Times Square

Alleged Times Square Shooter Captured at Florida McDonald's After 4-Day Manhunt: Officials

Police cordoned off roads around Times Square following the shooting of a woman and toddler, senior NYPD officials said Saturday.
NBC

The man suspected of opening fire in Times Square Saturday night, wounding three bystanders, including a 4-year-old girl, has been apprehended at a McDonald's in Starke, Florida, two law enforcement officials confirmed to News 4 Wednesday.

The officials say Farrakhan Muhammad, 31, had been with his girlfriend, who is now being questioned as investigators look into whether she was knowingly helping to harbor a fugitive. The two apparently left New York City together after the shooting, according to one senior law enforcement official, though it's not clear if the woman knew he was wanted in the Times Square gunfire at that point.
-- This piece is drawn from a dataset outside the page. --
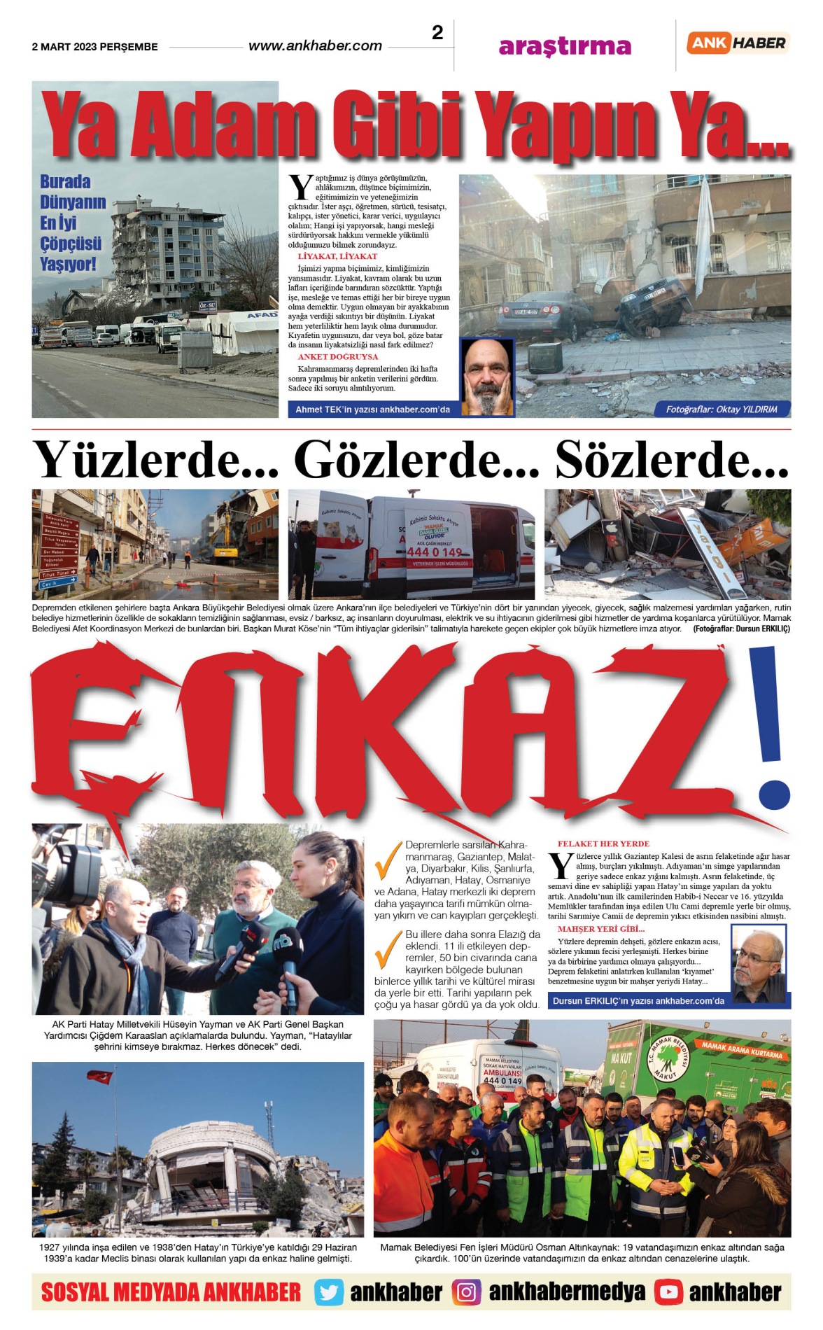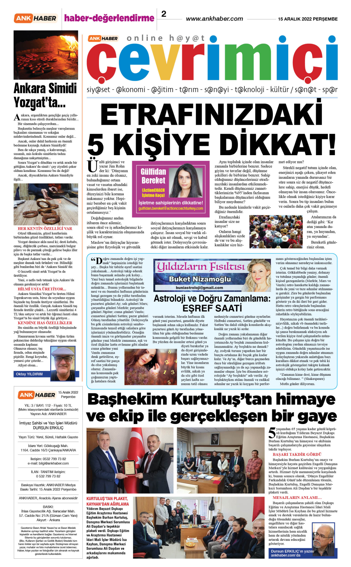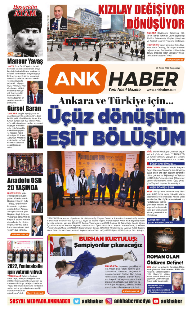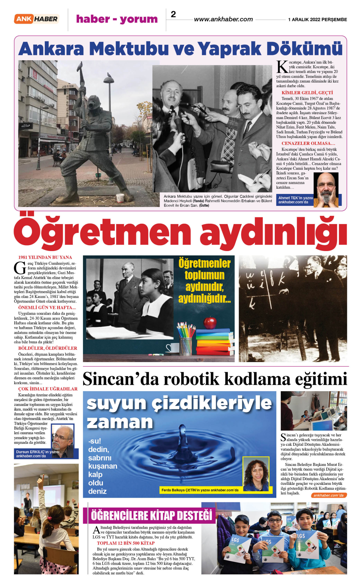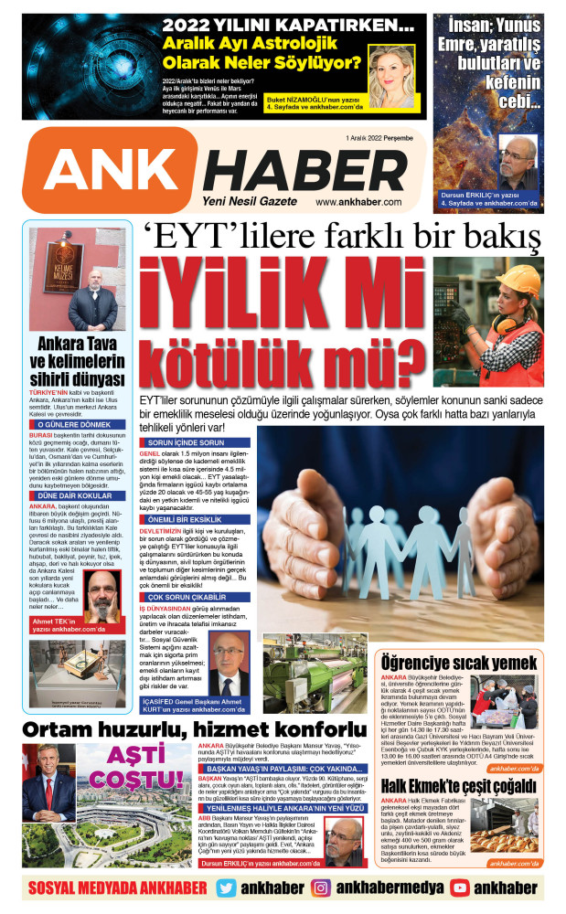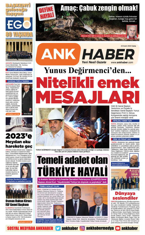 Basılı dağıtımı PTT aracılığıyla yapılan ANKHABER Gazetesi’nin 49. sayısı internet sitesinde dijital olarak yayında…

According to the senior law enforcement official, NYPD detectives checked cameras that showed him leave Times Square after the gunfire and go to a hotel near West 42nd Street. There he changed clothes and was seen leaving with his girlfriend, the senior law enforcement official said.

The two were believed to have been heading south in an SUV and there was a confirmed sighting of the duo in North Carolina on Tuesday, officials said. New information recently emerged that Muhammad was in the Starke area and local detectives and U.S. Marshals had been combing the community, officials said.

He was caught in Starke around 12:30 p.m. Wednesday after U.S. Marshals spotted him in the McDonald's, officials said. They described his arrest as "uneventful."

Muhammad is currently being held in the Bradford County jail. The dark SUV he and his girlfriend had been driving was towed to an impound yard for further investigation, officials said. Top NYPD officials are expected to provide an update on their investigation later Wednesday.

Cops had been looking for Muhammad for days in connection with the shooting in the Crossroads of the World that send hundreds fleeing from the sound of gunshots in New York City's iconic tourist destination on a warm weekend evening.

Police allege Muhammad was trying to shoot his own brother after an argument at the time but missed, wounding the trio of innocent bystanders.

The three victims -- a 4-year-old girl from Brooklyn, a 43-year-old woman from New Jersey, and a 23-year-old woman visiting the city for Mother's Day -- suffered non-life-threatening gunshot wounds and all are expected to recover.

Wendy Magrinat was in town from Rhode Island with her husband and 2-year-old child when she became the latest victim of gun violence in New York City. Magrinat said she heard a scuffle from nearby and the next thing she knew, she was shot.

"All of a sudden I heard someone call out in a bad tone at someone. I told my husband 'let's move a little bit forward' because he had our 2-year-old in his hands," she told NBC New York. "At the same moment I told him that, the shots fired. I walked a little bit and then I started screaming, asking for help."

Magrinat said the bullet shot into her leg would likely be there for the rest of her life. “The doctors said that they wouldn’t do any surgery or take out the bullet, just because it would do more damage,” she said.

NYPD Commissioner Dermot Shea confirmed the three victims were unintended targets of the shooter and were not related to one another.

"How many kids have to be shot before we take this seriously? We just had a 1-year-old homicide cleared this week," Shea said, referencing the arrest of two Brooklyn gang members for the summer 2020 shooting that killed the baby boy who had been sitting in his stroller during a family cookout.

Shots were fired right around 5 p.m. Saturday after a reported dispute between a group of men, Shea explained. Nearby witnesses told police the men were arguing when one pulled out a gun and started shooting, striking the innocent bystanders.

Uniformed officers were near the scene of the shooting - W 44th Street and 7th Avenue - when shots rang out. People in the area were advised to expect delays as police closed off 7th Avenue between 45th and 43rd Streets.

Mayor Bill de Blasio, who condemned the senseless shooting and had the NYPD step up patrols in the area afterwards, said this week the daylight shooting at a high-profile location would not deter visitors from returning to the city as the coronavirus pandemic wanes.

“In the end, people want to come to this city,” the Democratic mayor said. “It is an overwhelmingly safe city, when you look at New York City compared to cities around the country, around the world.”

De Blasio said tourists have already started returning. “I thought it would take into the summer before we'd see that kind of comeback,” he said. “It’s happening now.”